With symptoms that can range from missed social cues to severe linguistic and cognitive

impairments, autism spectrum disorder (ASD) has proved a complex condition for geneticists to get their heads around.

Now the largest study to date based on the whole genome sequences of siblings with ASD, together with their non-autistic parents, is throwing a genetic spotlight on those complexities and yielding some surprises.
Among them: In only one third of the cases where the autism of one sibling with ASD was linked to a genetic variant did the other sibling with autism share the same variant.
At face value, such a result might seem to defy common sense. Autism is thought to affect about 1 in 68 children, which means the odds of two siblings having the disorder for entirely unrelated reasons should be very low.
One possible explanation is some of the variants the study looked at will prove in time not to be implicated in autism. Or there could be other still-hidden inherited factors that the siblings share that may increase the likelihood of ASD in some way. “Then, if they have another mutation, they’re pushed across the autism threshold,” says Stephen Scherer, director of the Centre for Applied Genomics at the Hospital for Sick Children in Toronto who led the study.
The possibility of different autism-linked genes coming into play among siblings with ASD matters for parents trying to choose the right treatments for their children. Even when outward symptoms are similar, the underlying genetics factors may call for completely different interventions.
And for families wondering whether they have more than one child with ASD when one child has a disorder that has been linked to a genetic variant, it is probably not enough to simply test to see whether other children in the family share that particular variant.
“You need to look at the whole genomes,” Dr. Scherer said. “Two thirds of the time it’s going to be something different.”

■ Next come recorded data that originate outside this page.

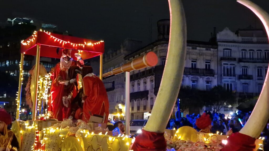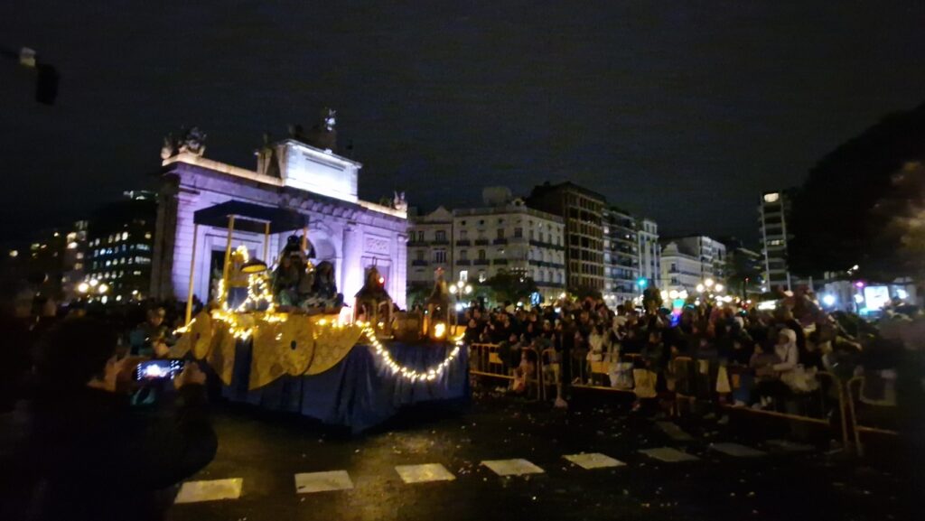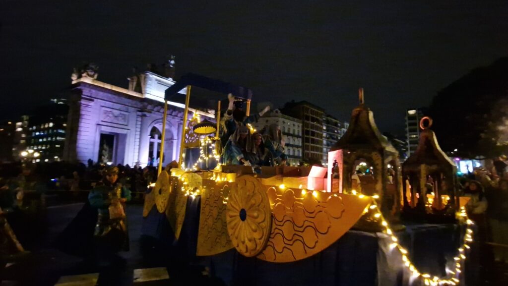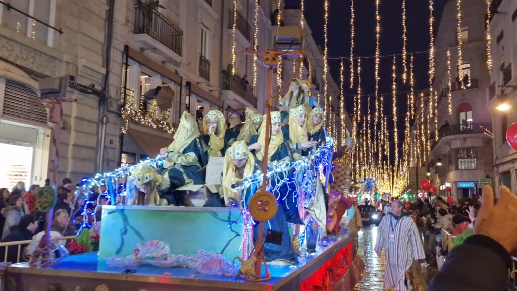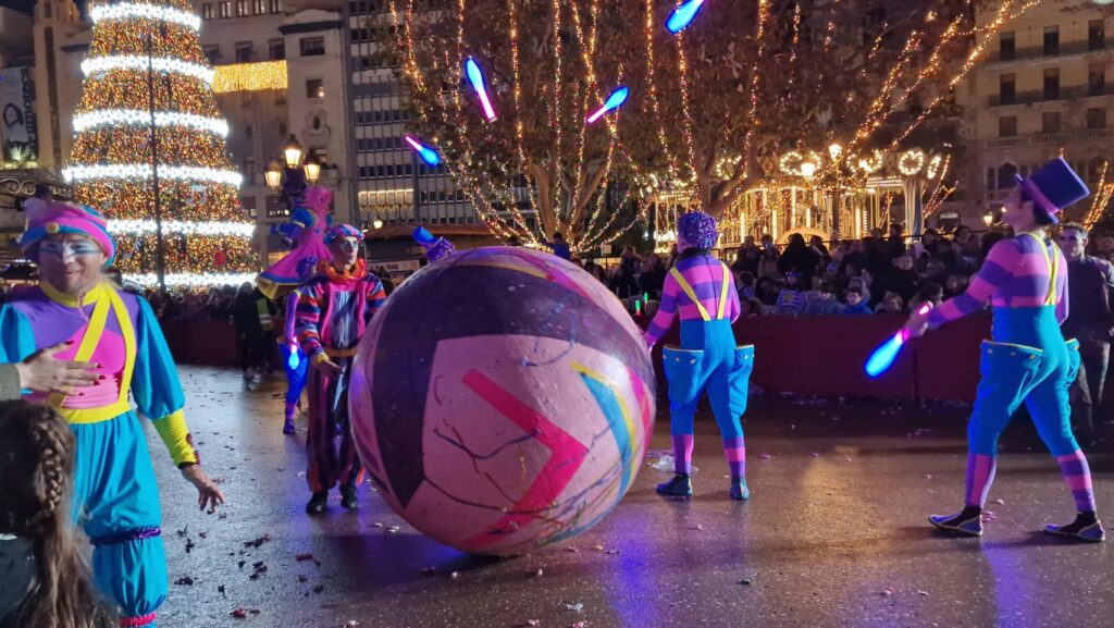 Los boatos de Melchor, Gaspar y Baltasar mantuvieron la estructura clásica: ofrenda, pajes, números artísticos y, finalmente, la carroza de cada rey. Melchor lució el verde, Gaspar el azul y Baltasar el rojo, acompañados por acróbatas, bailarines y espectáculos circenses.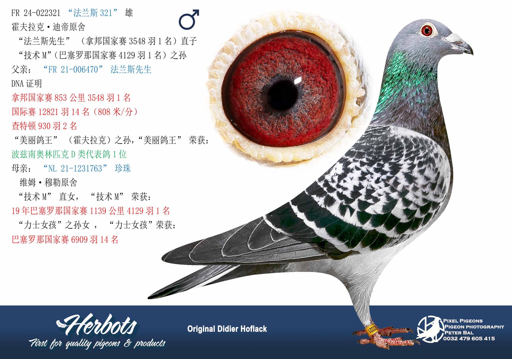 Son of “NL 547-20” Orange Oil Junior is a son of “Orange Oil” 1 Int.Nat Ace Pigeon Barcelona 2017-2019 x “FR 577-19” Won himself 11 Int.Nat (h) Barcelona 5,840p and 32 Int.Nat Barcelona 16,485p in 2021 ( Frans Bungeneers x Chris Hebberecht )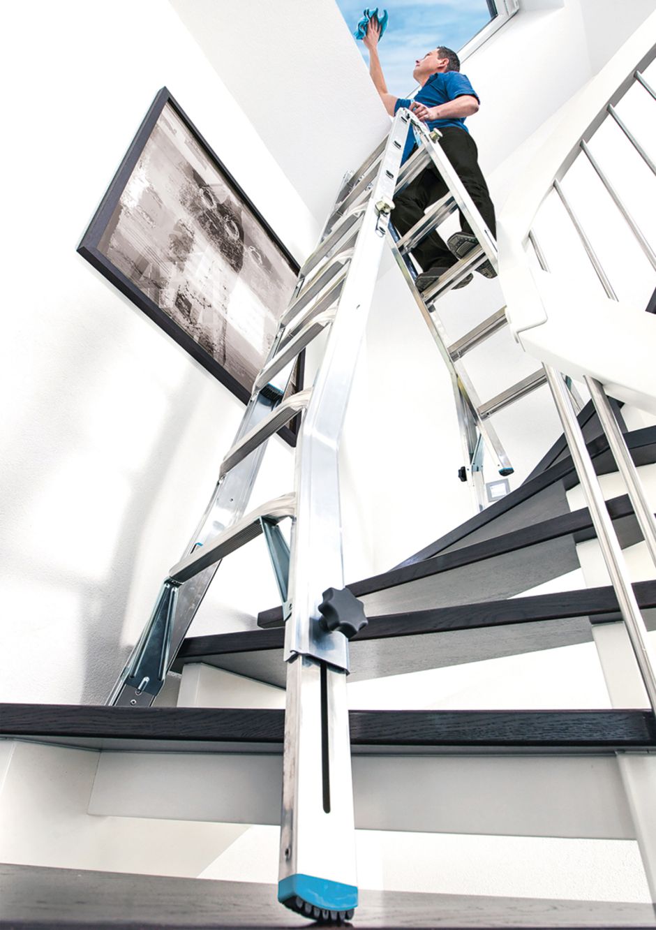 Stufenlos verstellbar gleichen sie schnell und unkompliziert Unebenheiten wie Treppenstufen, Absätze oder Höhenunterschiede im Gelände aus. Das System ermöglicht den Einsatz der Gelenkleiter auch in verwinkelten Bereichen wie Treppenhäusern oder auf unebenen Böden.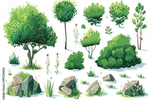 Fototapeta premium A serene forest scene featuring various types of trees and shrubs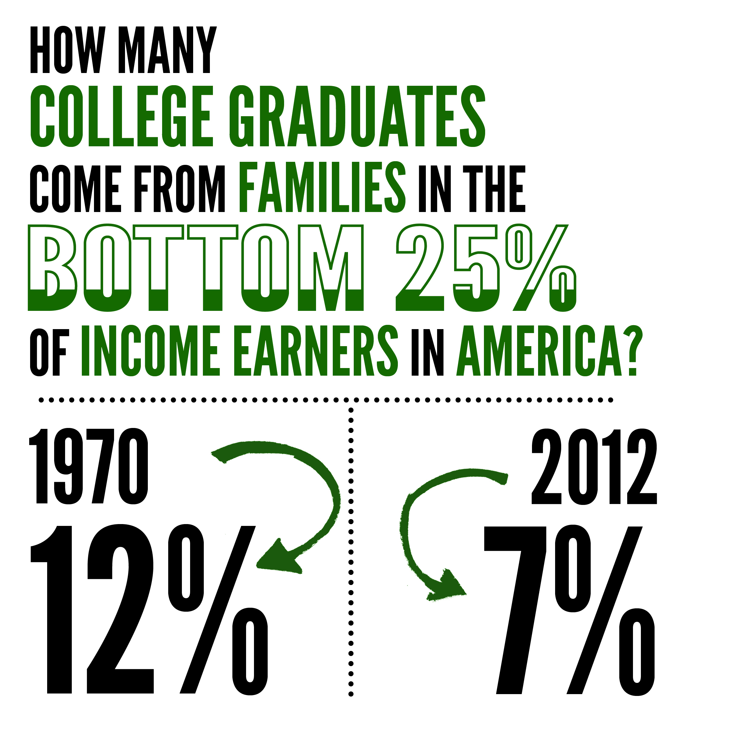 Consider that 12 percent of college graduates in 1970 came from the families in the bottom 25 percent of income earners, but today that percentage is 7 percent according to Richard Vedder, director of the Center for College Affordability and Productivity at Ohio University and an adjunct scholar with the Mackinac Center for Public Policy.

The study, which includes whole genomes from 85 families – 340 individuals in total – represents a significant step toward a larger initiative supported by the foundation Autism Speaks that ultimately aims to sequence 10,000 genomes. In conjunction with the study’s publication Monday in the journal Nature Medicine, the 340 genomes are among 1,000 that are now being made available to outside researchers via a platform developed by Google.